Night Gallery Season 3 Episode 2: The Girl With the Hungry Eyes (1972)

Directed by John Badham (Bird On a WireShort CircuitWarGames) and written by Robert Malcolm Young (Escape to Witch Mountain) from a Fritz Leiber story, this trip to the Night Gallery has photographer David Faulkner (James Farentino, Dead and Buried) becoming slowly obsessed with his new model. She has no name. Just eyes that want something. That’s where this gets its title, “The Girl With the Hungry Eyes.”
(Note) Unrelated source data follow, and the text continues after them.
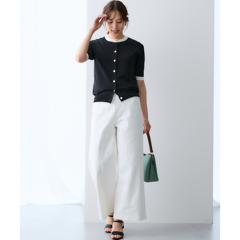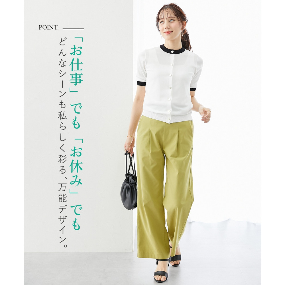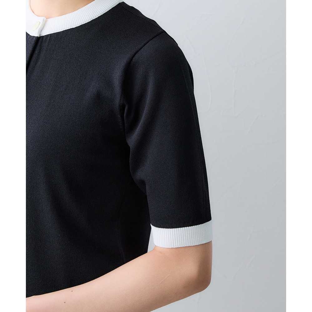 襟元と袖口に施された配色ラインがアクセントとなり、一枚で着映えする上品なデザインです。
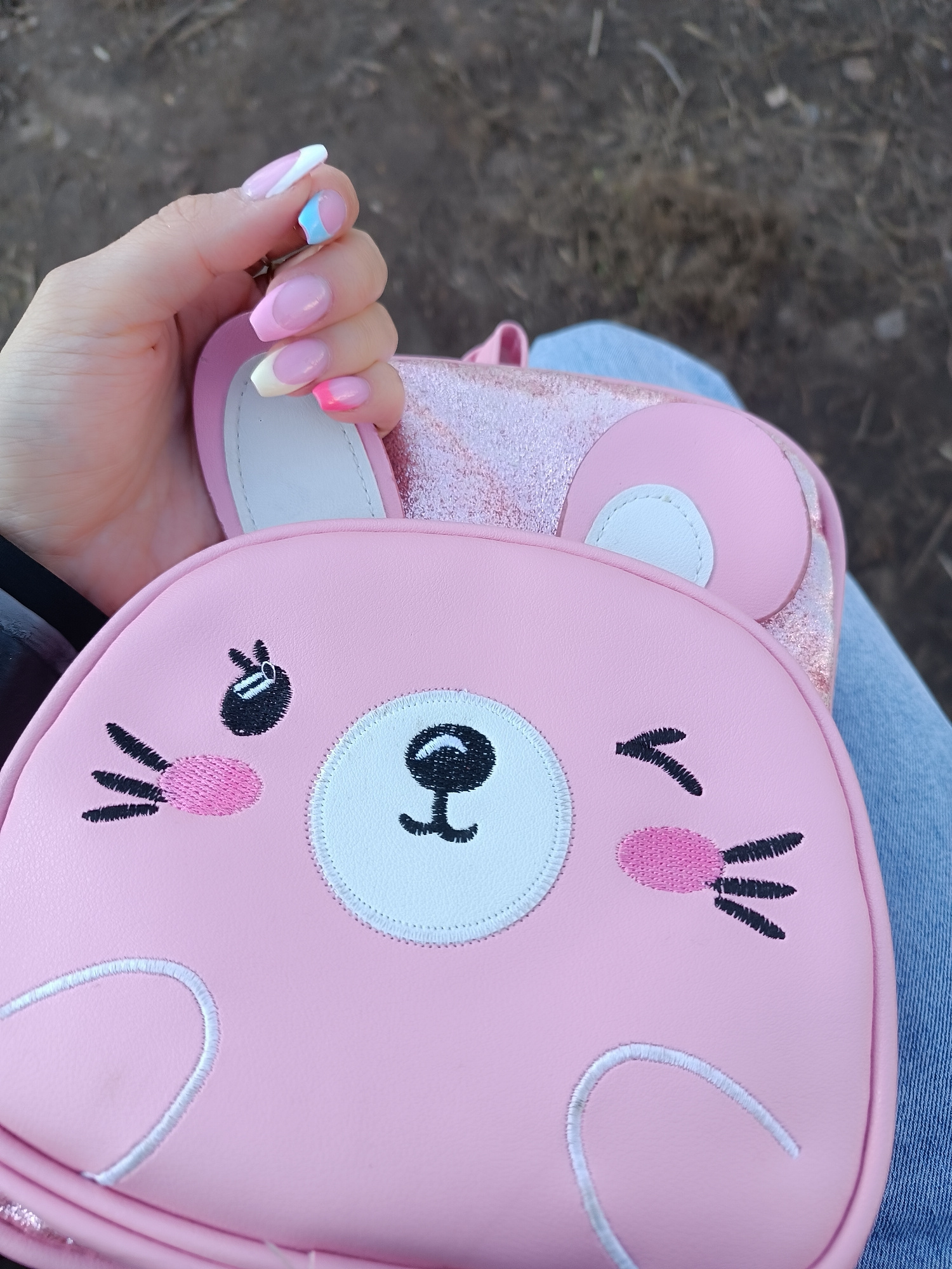 The image shows a person holding a pink, cartoon-like bunny backpack. The backpack has a round, white patch for the face with embroidered details for the eyes, nose, mouth, cheeks, and whiskers. The eβ¦read more
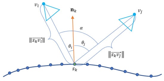 By establishing a heuristic relationship between the viewpoints and the reconstructability of the scene, the reconstruction effect of the scene can be quickly predicted [10]. As shown in Figure 3, the reconstructability contribution of the viewpoint pair to the surface point is defined as follows:
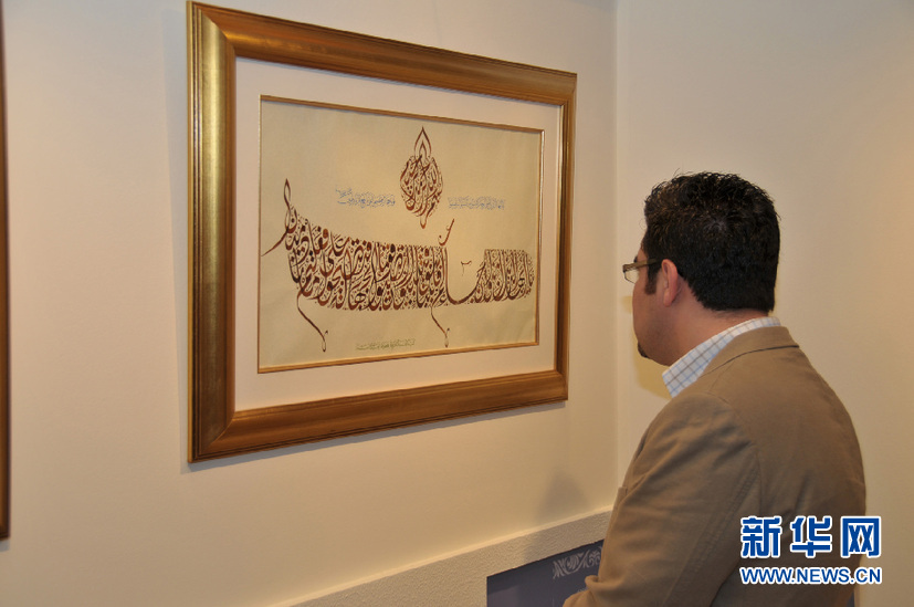 在阿布扎比举行的阿拉伯书法展上,一位观众在欣赏获奖书法作品。新华社记者马锡平 摄
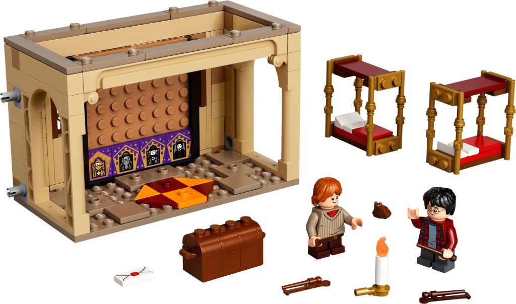 As reported by Brickset, images of the upcoming Harry Potter themed gift with purchase (GWP) set have surfaced on LEGO.com. It features the Gryffindor boys dormitory. As the first decent representation of this room in LEGO, it is a nice addition to the 2021 Hogwarts modular system. Here’s what you’ll get…
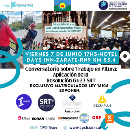 El Colegio de Profesionales de la Higiene y Seguridad en el Trabajo invita al conversatorio de «Trabajo en Altura»

The Girl is played by Joanna Pettet, making this episode her fourth Night Gallery role. She’s also in The Evil which also makes use of her ethereal beauty as she plays a vampire who haunts every man that sees her. Helping her exactly that are the photos taken by Harry Langdon Jr., a legendary Hollywood photographer.

Pettet

told authors Scott Skelton and Jim Benson in Rod Serling’s Night Gallery An After Hours Tour, “Doing “The Girl With the Hungry Eyes” was just a total ego trip! I walked onto the set and there were floor-to-ceiling huge blowups of me! I looked out the window and they had literally made a huge billboard out of me, sipping beer, and erected it on a building across the street. And it was probably the best I ever looked in my life. We all go through our periods — “the look,” you know? It was just perfect. And for the rest of my career I got to use these incredible shots from Harry Langdon. When would I ever have had a chance to get an entire day with somebody like that?”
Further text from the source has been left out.